I thought the G in 1G, 4G, 5G, etc. networks were supposed to be for the speed at which data could travel, not the generation in which the phone was manufactured.  Blasted T-Mobile advertisements...  These devices did have some wireless features, although if you know me, you’ll know that I highly prefer wired connection for its reliability.  Nonetheless, I have a phone, and while it is serviceable as is, there is nothing I can do to turn it into a wired device unless I used a router’s charging-to-ethernet configuration or whatever I may have learned in my CIS-121 class (although I could be mismembering information and it can only be ethernet-to-charging).

GPS is for global positioning system.  Thanks, Cengage!

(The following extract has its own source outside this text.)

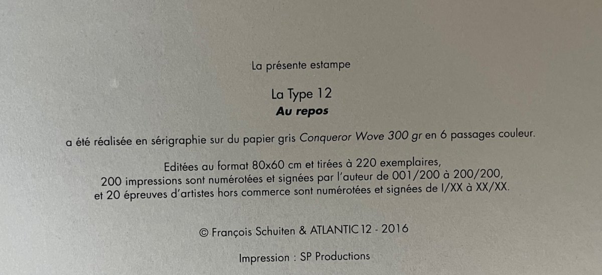 Schuiten, François – Sérigraphie La Type 12 – Au repos – Signée – Atlantic 12 – 2016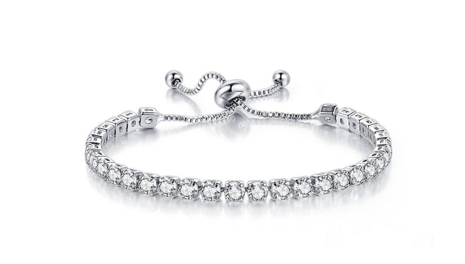 18k White Gold 8 Carat Created White Sapphire CZ Adjustable Tennis Bracelet Plated

Now, I’m all too familiar with a smartphone—we are all too familiar with smartphones; we own smartphones and use them regularly, even when it could be dangerous (looking at you, texters-and-drivers).  However, what I did not know was that, by definition, it is a cellphone with the functionality of an operating system.  Also, I am amazed by the obstacles that companies had to and did overcome.  They had bandwidth as an obstacle, and seeing this now, I am pleasantly surprised that radio frequencies generated by phones do not interfere with other radio frequencies and end up jumbled together in a mess.  I suppose transmitters and towers help, although I do not know exactly how they function.